Мы стали, перебивая один другого, рассказывать.

— Я хочу начать новую жизнь!

Это было основание у Алеши. Но зачем приехал я?

Лев Николаевич сперва поговорил с нами обоими, а потом с каждым порознь.

— Что тяжело жить дома, хочется уехать? — И вдруг он нам, мальчикам, стал говорить о себе. — А вы думаете, мне легко жить дома? Разве я ухожу? Это так просто — взять да уйти, но так нельзя делать. Милый юноша, вернитесь домой, помиритесь с отцом и, когда у вас не будет никакого зла в душе, если вы не перемените свое решение, тогда уйдите, тогда попробуйте построить свою жизнь, но не оттого, что вы рассердились. У каждого свой крест, который он должен нести. Вот я свой несу тридцать лет и стараюсь не роптать.

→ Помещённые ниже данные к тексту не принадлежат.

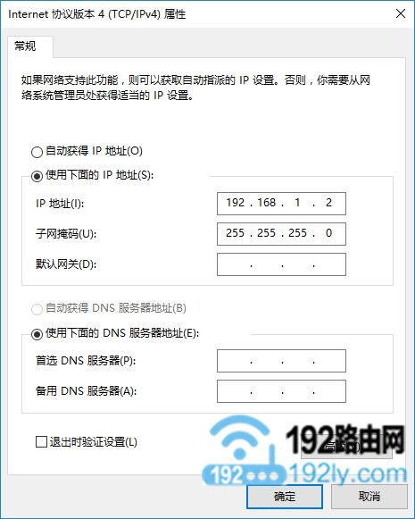若路由器的IP地址為:192.168.1.1,則電腦的IP地址可設(shè)為:192.168.1.2,子網(wǎng)掩碼為:255.255.255.0,其余參數(shù)無(wú)需設(shè)置。

Когда он беседовал со мной, он сам говорил очень мало, заставляя меня рассказать со всеми подробностями о моей жизни.

— Сколько лет учительнице? — вдруг огорошил он меня вопросом. — Она красивая? Вы были к ней неравнодушны? Расскажите подробно, что вы делали у Сергеенко. Зачем он вас пригласил к себе?

— Он пишет вашу подробную биографию, всю иллюстрированную <...>. Это очень подробная биография. Там все есть. Там даже есть описание, как вы в баню ходите.

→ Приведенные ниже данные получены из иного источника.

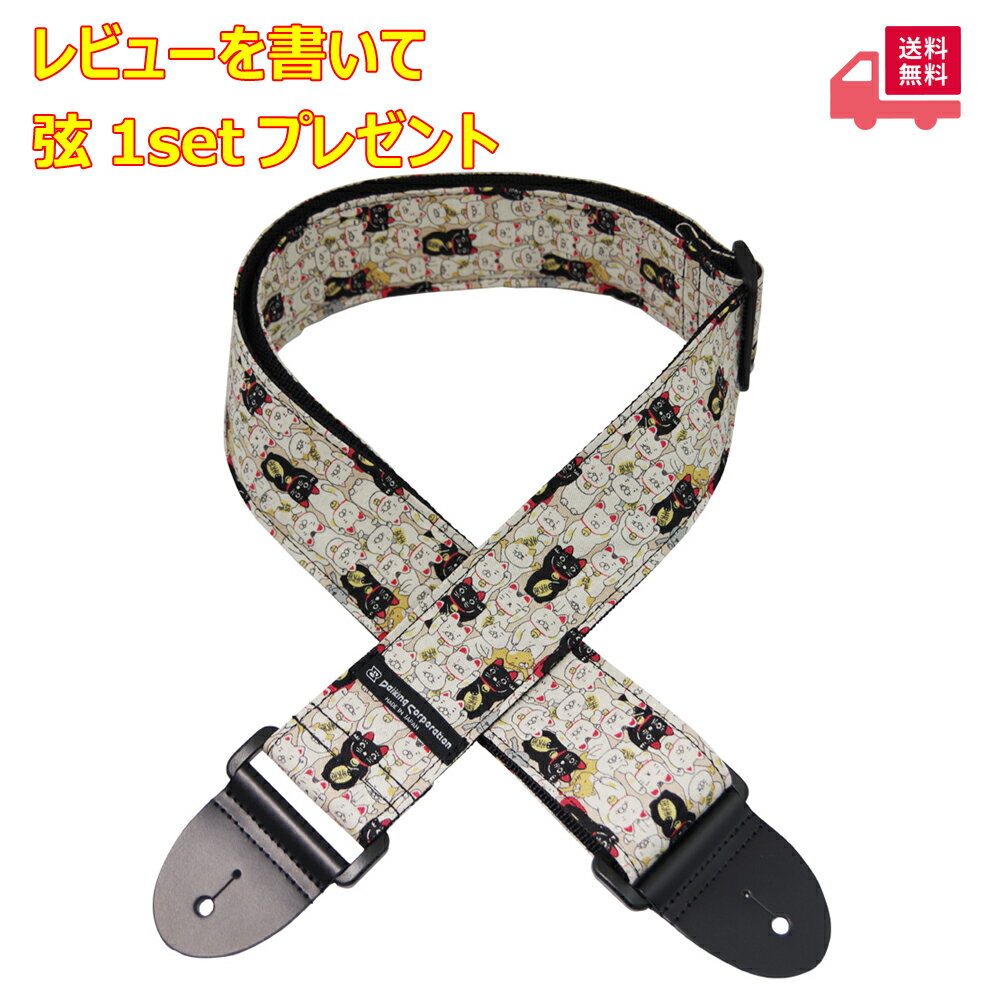 レビューを書いて弦プレゼント ギターストラップ 飛び魚とねこの柄 日本製 幅5cm エレキ・アコギ・ベース対応 長さ80–142cm Daiking

— Что же, тоже с иллюстрациями? — с улыбкой спросил Лев Николаевич7.

— Зачем он это делает? — как бы про себя проговорил он. — Кому это нужно? Ну, я понимаю жизнь Сократа, это всем интересно. (Очевидно, он вспомнил незадолго до этого напечатанную драму «Сократ» того же Сергеенко.) Ну что же поучительного, как я живу, как я в баню хожу? Что же, по-вашему, это интересно?

Я затруднялся ответить.

— А впрочем, нет! — как будто одернул себя Лев Николаевич. — Впрочем, я его понимаю. У него большая семья. Сколько детей? девять? Да, девять человек. Да, ему не легко. Но притом он интересуется этим. Нет, я его понимаю. А самостоятельное художественное творчество не легкое дело. Вот, например, я сейчас пишу рассказ «За что?», в нем не больше печатного листа. Это из времен Польского восстания8. Но вот посмотрите, сколько я прочел по этому вопросу, — он мне показал на кучу книг. — Больше ста книг. Но чувствую, что не хватает, надо еще столько же прочесть. А рассказ маленький. Вот что значит художественное творчество. Вы отсюда едете в Петербург. Не поможете ли вы мне? В письме трудно все написать. Зайдите, пожалуйста, в Публичную библиотеку. Там есть такой директор — Владимир Васильевич Стасов9. Знаете, старик такой? Зайдите, пожалуйста, к нему, кланяйтесь от меня. Он вам обрадуется. Он очень молодежь любит и к ней хорошо относится. Расскажите ему, что были здесь. Расскажите, о чем я пишу и что я у него прошу помощи — не может ли он прислать все, что у него есть о Польском восстании? Но меня интересуют главным образом мемуары, дневники того времени, рисующие быт, обстановку, словом, всё, что там у них есть. И скажите, что я аккуратно верну. Можете сделать? Вы мне сделаете этим большую услугу <...>.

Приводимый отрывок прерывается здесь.